(Collected data)
===============

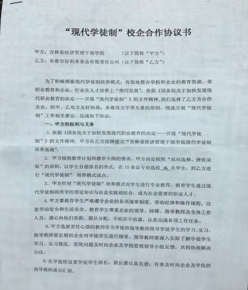 为推行产教融合的职业教育模式,打通和拓宽专业技能人才培养成长通道,坚持面向市场、服务发展、促进就业的办学方向,现代农业学院与长春市好利来食品有限责任公司达成“现代学徒制”合作意向,并签订了校企合作协议书。经过前期研讨、中期选拔、后期推进三阶段工作,首批“现代学徒制”的学生们向好利来集团“起航”。
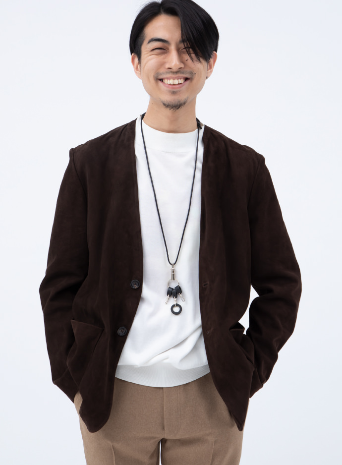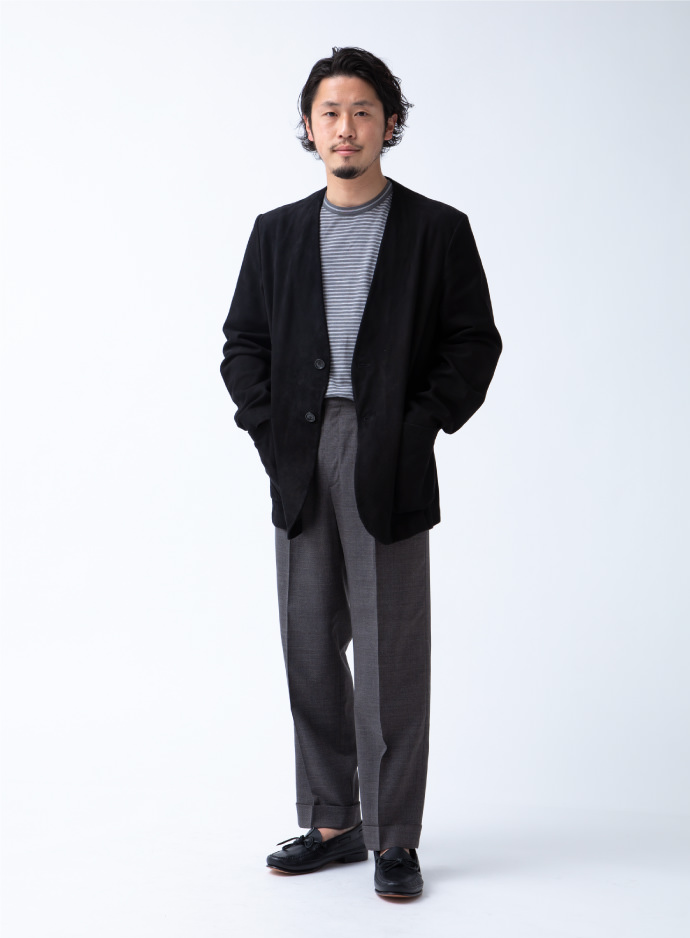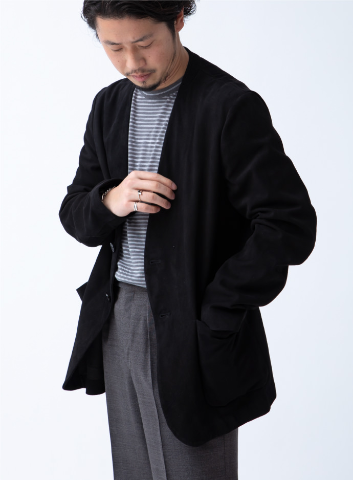ゴートスウェードの素材使いにより大人の風格を漂わせますが、ノーラぺルでラフに羽織れるのがいいですね。カジュアルなスタイルの格上げに活躍してくれます。言わずもがな、タイドアップルックに合わせても◎!
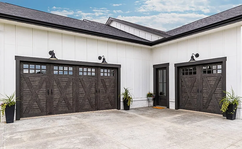Raised panel garage doors are what many people picture when they think of a classic garage door – they have long and short panels, windows, and come in lots of colors. They help highlight your home’s design with depth and symmetrical patterns.
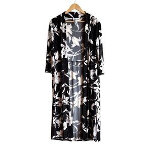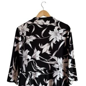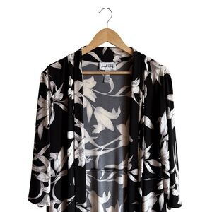 Joseph Ribkoff Black and White Floral LDS Cover Up Size 10 Kimono Cardigan
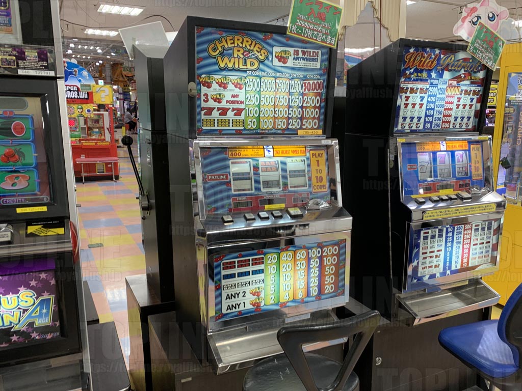 「CHERRIES R’ WILD」「DOUBLE 7」稼働中、「SILVER 7-BAR」稼働休止中、そして、一番の目当てだった「WINNER’S CHOICE (8CM01)」稼働休止中…残念。
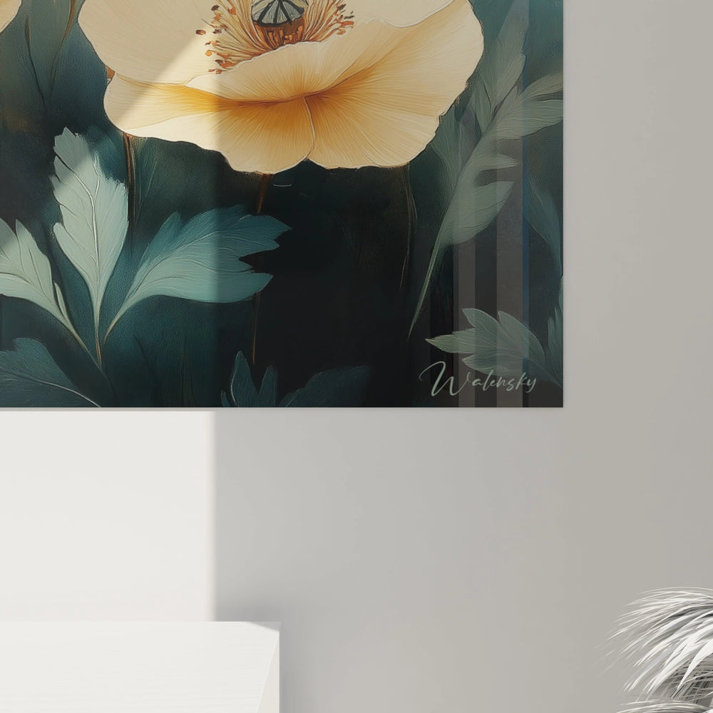 L'atmosphère lumineuse exceptionnelle constitue un autre élément distinctif majeur. La lumière semble émaner des fleurs elles-mêmes, créant un effet de rayonnement intérieur qui transforme cette décoration murale florale en véritable fenêtre sur un monde enchanté. Cette qualité lumineuse unique confère à l'œuvre une présence presque vivante, comme si les coquelicots respiraient doucement dans leur environnement doré.
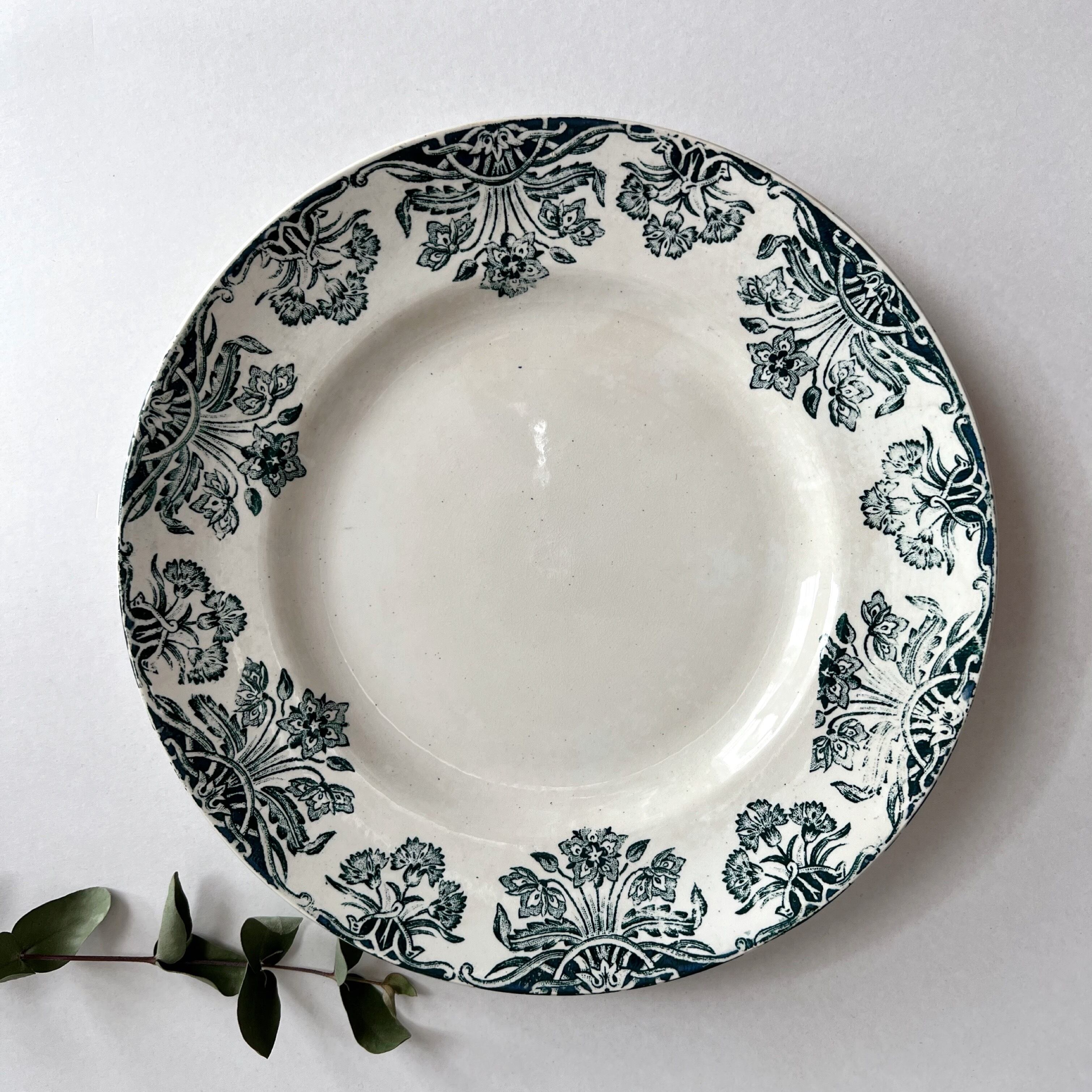 ブルーグリーンの色合いで描かれた花柄が美しいスーププレート。
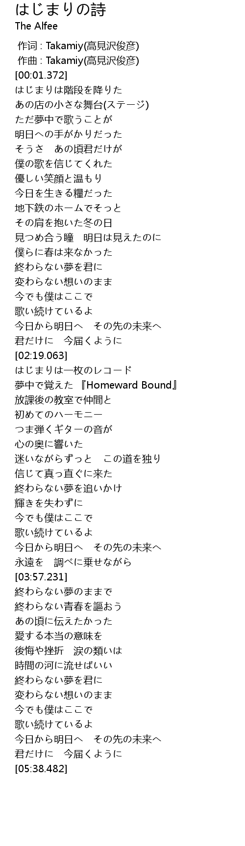 | [02:36.853] | 夢中で覚えた 『Homeward Bound』 |
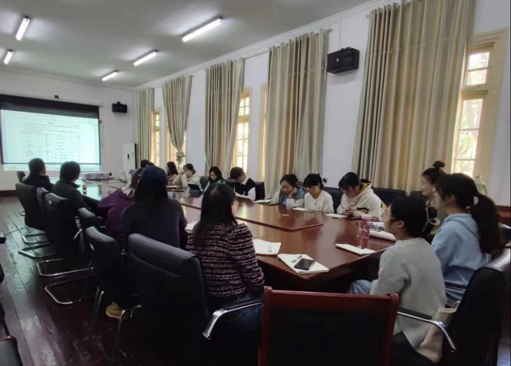 10月10日下午,beat365亚洲体育官方网站第六期研究生学术沙龙在红楼二楼会议室顺利举行。皖江历史文化研究中心主任叶当前教授和文艺学教研室主任王谦副教授应邀参加本次活动。2021级学科教学(语文)研究生朱小欢是本次学术沙龙的汇报人,与谈人是同方向研究生孙欣、王立平、李春苗,学科教学(语文)方向全体研究生参加了此次活动。
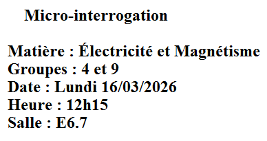Micro interrogation : Electricité et magnétisme pour le Groupes 04 et 09

===============

TASK TO COMPLETE:
Each line above that falls between the line with "7-BAR」稼働休止中、そして、一番の目当てだった「WINNER’S CHOICE (8CM01)」稼働休止中…残念。" and the line with "10月10日下午,beat3" should be printed exactly, together with those two lines, but the pictures should not.

EXERCISE RESPONSE:
 「CHERRIES R’ WILD」「DOUBLE 7」稼働中、「SILVER 7-BAR」稼働休止中、そして、一番の目当てだった「WINNER’S CHOICE (8CM01)」稼働休止中…残念。
 L'atmosphère lumineuse exceptionnelle constitue un autre élément distinctif majeur. La lumière semble émaner des fleurs elles-mêmes, créant un effet de rayonnement intérieur qui transforme cette décoration murale florale en véritable fenêtre sur un monde enchanté. Cette qualité lumineuse unique confère à l'œuvre une présence presque vivante, comme si les coquelicots respiraient doucement dans leur environnement doré.
 ブルーグリーンの色合いで描かれた花柄が美しいスーププレート。
 | [02:36.853] | 夢中で覚えた 『Homeward Bound』 |
 10月10日下午,beat365亚洲体育官方网站第六期研究生学术沙龙在红楼二楼会议室顺利举行。皖江历史文化研究中心主任叶当前教授和文艺学教研室主任王谦副教授应邀参加本次活动。2021级学科教学(语文)研究生朱小欢是本次学术沙龙的汇报人,与谈人是同方向研究生孙欣、王立平、李春苗,学科教学(语文)方向全体研究生参加了此次活动。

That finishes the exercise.